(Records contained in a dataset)
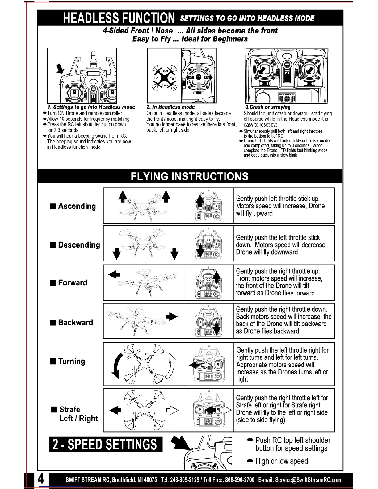 Swift Stream Z-9 Drone - Drone Flight Modes and Controls; Headless Mode Operation; Basic Flying Instructions
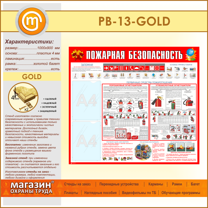 Стенд «Пожарная безопасность» с 2 карманами (PB-13-GOLD) в Омске купить
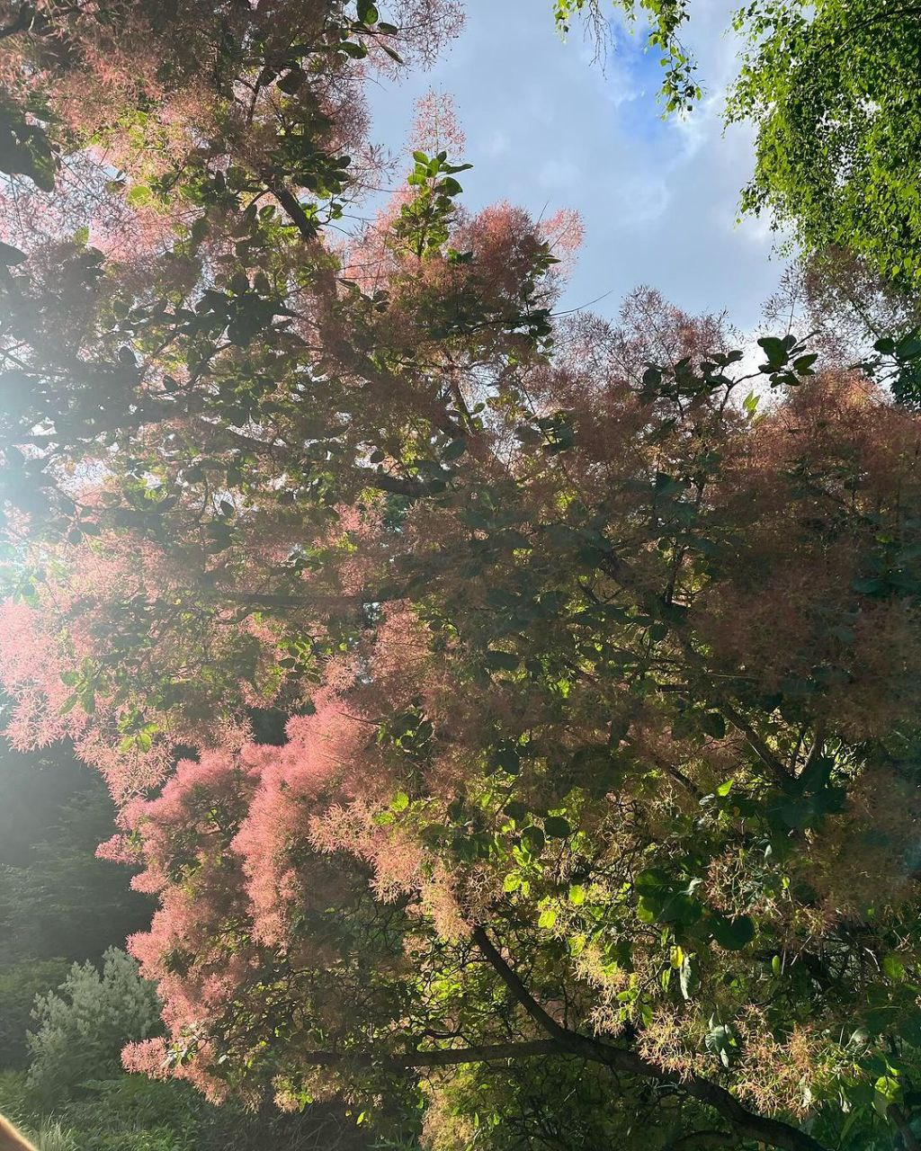 Пышный листопадный кустарник словно обволакивает розовый дым, что видно за несколько десятков метров.
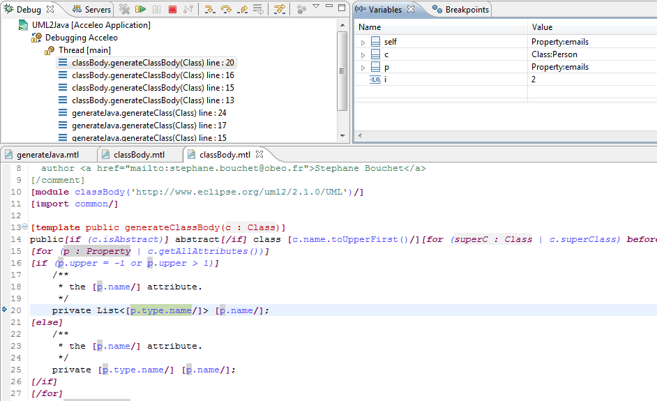 - The Acceleo debugger now provides you with the list of available variables at a given point in the evaluation process, along with the values of these variables for a given stack frame. Moreover, the displayed stack frames now represent Acceleo module element corresponding to your current expression stack. As for the previous release, debugging templates only requires you to set breakpoints in the Acceleo modules as you would usually with Eclipse : open an editor, double click in the left margin on the line you wish the breakpoint to be set, and launch the generation through the menu Debug As => Launch Acceleo Application.
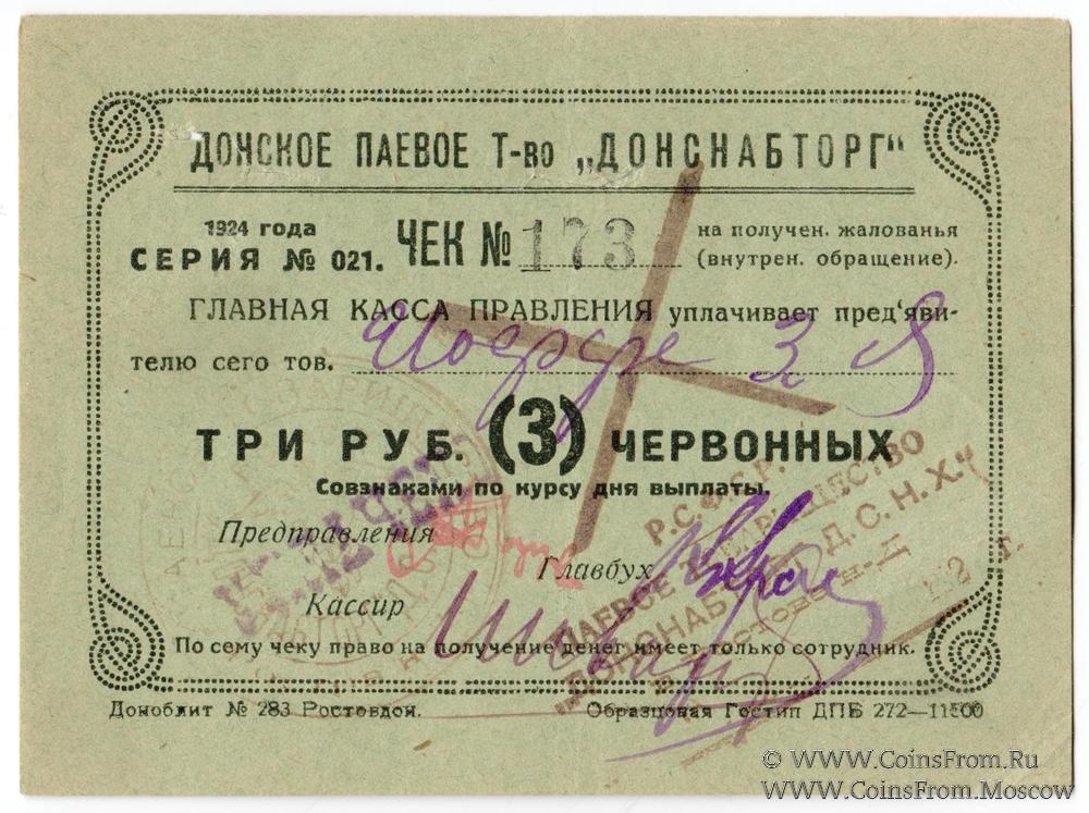 Чек 1924 г. в червонных рублях.
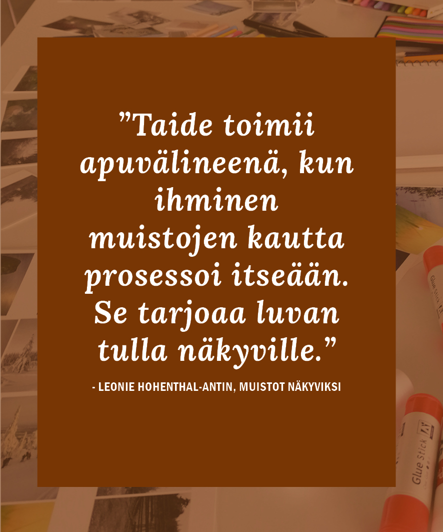 Olen tutkinut muistelutyön menetelmiä ja valokuvaterapeuttisia lähestymistapoja useita vuosia. Valokuvalla on mittaamattoman upea kyky palauttaa meidät hetkiin ja kokemuksiin minuutin tarkasti ja siksi nautin sen kanssa työskentelystä valtavasti. Tiedän, että valokuva kykenee palauttamaan meille muistoja, joita emme edes muistaneet muistavamme. Joskus sanojen virta löytyy sieltä, mihin sanat eivät yllä ja se on valokuvan mahtavinta voimaa.
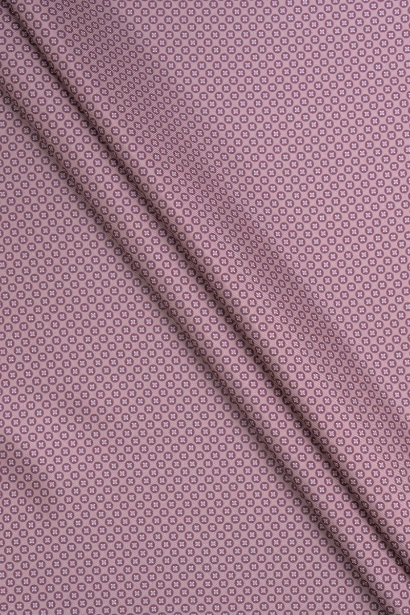 Włoska tkanina 100% jedwabna typu twill w kolorze brudnego różu z drobnym wzorem. Bardzo fajny, drobny wzór (0,4cm) w kolorze bordowym z łososiowym wypełnieniem. Kształtem przypominający groszki i jest bardzo gęsto rozmieszczony. Tkanina jest cienka ale kryjąca o delikatnie skośnym splocie, idealnie sprawdzi się do uszycia koszuli, sukienki lub apaszki. Fantastyczna propozycja dla fanów drobnych wzorów w stonowanych kolorach.
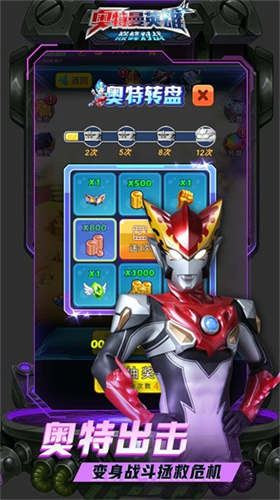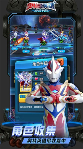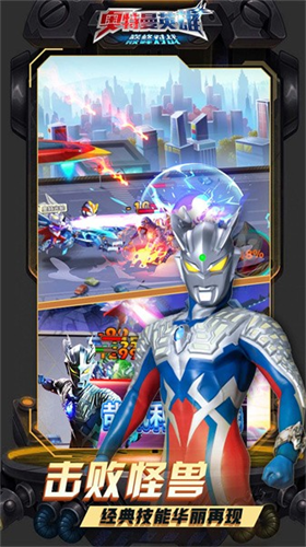1、采用3D引擎技术构建战场,从迪迦空中型到赛罗终极铠甲,每位奥特曼的粒子特效均精准还原特摄剧设定
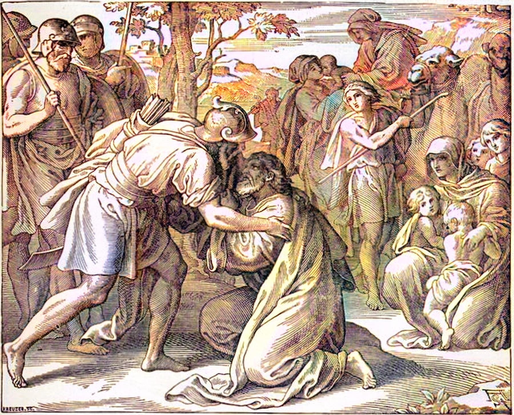 - "에서가 달려와서 그를 맞이하여 안고 목을 어긋 맞추어 그와 입맞추고 서로 우니라(4)"
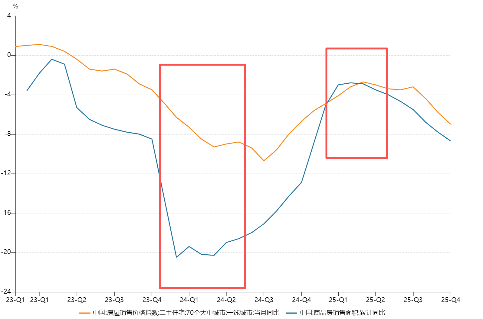 图片趋势描述:从数据趋势分析,从2025年开始商品房的销售面积与销售价格普遍回暖,尤其是2025年上半年,整体降幅收窄明显
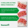 Tesmed Cellulite is the massager against cellulite imperfections. The invention features pairs of converging rollers that lift and squeeze the area with a “pinching” and “kneading” effect while simultaneously, pairs of diverging rollers work to stretch the skin. The action of the converging rollers promotes the expulsion of excess fluids and provides a toning effect, while the diverging rollers then relax the skin, giving it a smoothing effect.
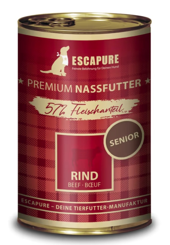 Escapure Senior Rind to najwyższej jakości mokra karma dla psów seniorów, produkowana w Niemczech, inspirowana miłością do zwierząt oraz bogactwem bawarskiej przyrody 🌿. Powstaje wyłącznie z 100% naturalnych, starannie wyselekcjonowanych składników pochodzących od regionalnych dostawców.
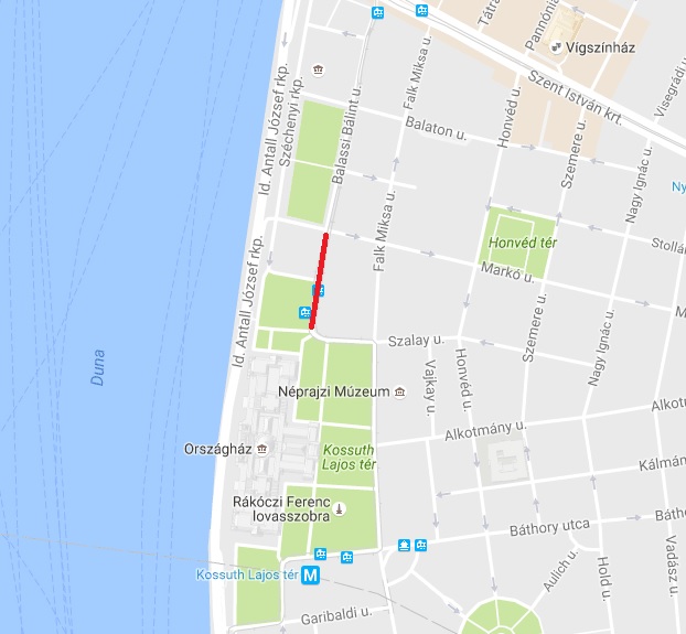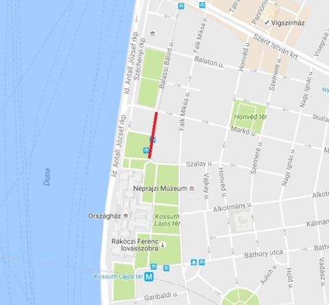 Balassi Bálint utca mindkét oldalán a Markó utca és a Kossuth tér között.
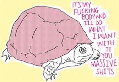 Women need to stop allowing maleness to impinge on our sense of self-worth and our feelings of self-acceptance. I for one have had enough of being pushed and pulled by maleness, but they know no different, so it’s up to us to make that change. I’m not going to allow my body, or the way I feel about my body to be shamed – I refuse to be put in the category of good fatty or bad fatty, I’m going to be my kinda fatty. Its been suggested to me that ‘no man will want me’ because of my size – but as a big, fat, feminist dyke I can safely say that the way I feel about my body has nothing to do with men, thanks.
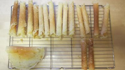 • Stek løvtynne strull av en god spiseskje røre i krumkakejernet.

_Problem_
The records above must be output exactly, except for their pictures.

_Finished exercise_
 Swift Stream Z-9 Drone - Drone Flight Modes and Controls; Headless Mode Operation; Basic Flying Instructions
 Стенд «Пожарная безопасность» с 2 карманами (PB-13-GOLD) в Омске купить
 Пышный листопадный кустарник словно обволакивает розовый дым, что видно за несколько десятков метров.
 - The Acceleo debugger now provides you with the list of available variables at a given point in the evaluation process, along with the values of these variables for a given stack frame. Moreover, the displayed stack frames now represent Acceleo module element corresponding to your current expression stack. As for the previous release, debugging templates only requires you to set breakpoints in the Acceleo modules as you would usually with Eclipse : open an editor, double click in the left margin on the line you wish the breakpoint to be set, and launch the generation through the menu Debug As => Launch Acceleo Application.
 Чек 1924 г. в червонных рублях.
 Olen tutkinut muistelutyön menetelmiä ja valokuvaterapeuttisia lähestymistapoja useita vuosia. Valokuvalla on mittaamattoman upea kyky palauttaa meidät hetkiin ja kokemuksiin minuutin tarkasti ja siksi nautin sen kanssa työskentelystä valtavasti. Tiedän, että valokuva kykenee palauttamaan meille muistoja, joita emme edes muistaneet muistavamme. Joskus sanojen virta löytyy sieltä, mihin sanat eivät yllä ja se on valokuvan mahtavinta voimaa.
 Włoska tkanina 100% jedwabna typu twill w kolorze brudnego różu z drobnym wzorem. Bardzo fajny, drobny wzór (0,4cm) w kolorze bordowym z łososiowym wypełnieniem. Kształtem przypominający groszki i jest bardzo gęsto rozmieszczony. Tkanina jest cienka ale kryjąca o delikatnie skośnym splocie, idealnie sprawdzi się do uszycia koszuli, sukienki lub apaszki. Fantastyczna propozycja dla fanów drobnych wzorów w stonowanych kolorach.
1、采用3D引擎技术构建战场,从迪迦空中型到赛罗终极铠甲,每位奥特曼的粒子特效均精准还原特摄剧设定
 - "에서가 달려와서 그를 맞이하여 안고 목을 어긋 맞추어 그와 입맞추고 서로 우니라(4)"
 图片趋势描述:从数据趋势分析,从2025年开始商品房的销售面积与销售价格普遍回暖,尤其是2025年上半年,整体降幅收窄明显
 Tesmed Cellulite is the massager against cellulite imperfections. The invention features pairs of converging rollers that lift and squeeze the area with a “pinching” and “kneading” effect while simultaneously, pairs of diverging rollers work to stretch the skin. The action of the converging rollers promotes the expulsion of excess fluids and provides a toning effect, while the diverging rollers then relax the skin, giving it a smoothing effect.
 Escapure Senior Rind to najwyższej jakości mokra karma dla psów seniorów, produkowana w Niemczech, inspirowana miłością do zwierząt oraz bogactwem bawarskiej przyrody 🌿. Powstaje wyłącznie z 100% naturalnych, starannie wyselekcjonowanych składników pochodzących od regionalnych dostawców.
 Balassi Bálint utca mindkét oldalán a Markó utca és a Kossuth tér között.
 Women need to stop allowing maleness to impinge on our sense of self-worth and our feelings of self-acceptance. I for one have had enough of being pushed and pulled by maleness, but they know no different, so it’s up to us to make that change. I’m not going to allow my body, or the way I feel about my body to be shamed – I refuse to be put in the category of good fatty or bad fatty, I’m going to be my kinda fatty. Its been suggested to me that ‘no man will want me’ because of my size – but as a big, fat, feminist dyke I can safely say that the way I feel about my body has nothing to do with men, thanks.
 • Stek løvtynne strull av en god spiseskje røre i krumkakejernet.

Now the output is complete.